La CGT de l’hôpital de Montfavet au devant du recul de la psychiatrie

Trois ans de lutte en plus pour Claire Moreno à la tête de la CGT de l’hôpital de Montfavet, réélue ce mercredi suite au congrès de la section syndicale d’un des plus grands établissements de santé mentale en France, qui rassemble environ 420 des 2 200 agents de l’hôpital.

D’autant que la CGT de l’hôpital psychiatrique fête son 120e anniversaire en 2026 et que « sans nous, il n’aurait pas le même visage », glisse Gaby Adrian, tout juste élu secrétaire général adjoint.

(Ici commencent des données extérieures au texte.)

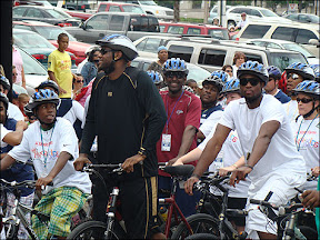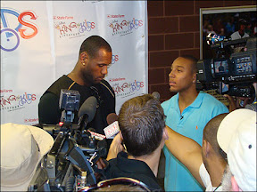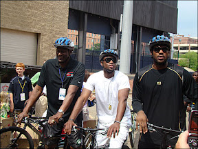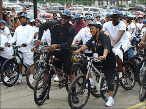 After giving away 400 bicycles to kids, $150,000 to area community groups and leading about 2,000 riders in the third annual LeBron James’ King for Kids Bikeathon on Saturday afternoon, the Cavaliers superstar gave away DVDs, MP3 players and eventually tossed not only his shirt, but his shoes, sunglasses and his watch into the crowd to the delight of hundreds of fans. LeBron James invited several of his celebrity friends and NBA brethren to help raise money for the Akron YMCA, Akron Urban League and his own foundation that supports youth services, said Jakki Nance, executive director of the LeBron James Family Foundation. Celebrities who came out to support James included Miami Heat guard Dwyane Wade, former Ohio State football star Troy Smith and former Indians player Kenny Lofton. Also on hand for the bike ride were Cavaliers guard Daniel “Boobie” Gibson, General Manager Danny Ferry and head coach Mike Brown. James led more than 300 children who received the free bikes on a 1-mile ride through the city before the main ride, which was for eight or 16 miles, depending on how far participants wanted to pedal. “Kids in my community… they don’t get an opportunity to have fun all the time. I’m happy that I’m able to give back to the kids. I don’t care about nothing else… that goes on around here besides the kids having fun and having an opportunity to have a dream and live a dream,” James said.

Et pour les trois prochaines années, un regard attentif va être porté sur les grandes transformations prévues sur le site. Comme celle présentée en grande pompe en avril dernier. Un chantier de 13,9 millions d’euros visant à « humaniser » les soins (notre édition du jeudi 23 avril). Une réhabilitation regardée avec attention car cela implique d’autres problématiques, la direction du site souhaitant adapter les conditions d’isolation des patients qui peuvent parfois être difficiles à gérer. « Humanisation oui. Mais si on réduit nos effectifs à deux pour quinze. Et que les deux doivent être avec un patient, on fait quoi des treize autres ? On veut surtout des effectifs pour éviter la frustration des patients », ajoute-t-elle. Et de pointer également la présence de mineurs dans des services pour adultes. Ou encore la demande d’escorte de police pour l’accueil de patients en détention. Tout en répétant qu’elle « dédouane la direction de cela car ce qu’il manque, c’est des budgets. Elle fait ce qu’elle peut. S’il y avait les budgets pour de la masse salariale, ils embaucheraient et on reverrait les effectifs à la hausse et on pourrait faire de la vraie psychiatrie, du vrai médico-social ». Chaque année, 22 000 personnes sont prises en charge par les services du centre hospitalier.

Budget réduit

Et face à la crise que traverse le secteur, elle se remonte les manches. Avec, pour les trois années à venir, « des engagements forts au niveau de la lutte contre l’extrême droite, des engagements forts sur le maintien des valeurs de la CGT et pour défendre une psychiatrie et le médico-social publics, la santé publique au service des usagers », pose-t-elle en introduction. La section syndicale se pose contre les idéologies qui vont à l’encontre du modèle social et le secteur privé qui souhaite grignoter des parts du public. « Toutes les années, ils viennent tirer sur nos budgets en disant qu’il faut réduire nos dépenses. Sauf que nous, on n’est pas une entreprise qui fournit du capital », réitère Claire Moreno. Pointant entre autres que la psychiatrie a été érigée en cause nationale « mais que l’on ferme des lits tous les ans ».

L’élection présidentielle sera donc scrutée de près par les syndicalistes de la psychiatrie.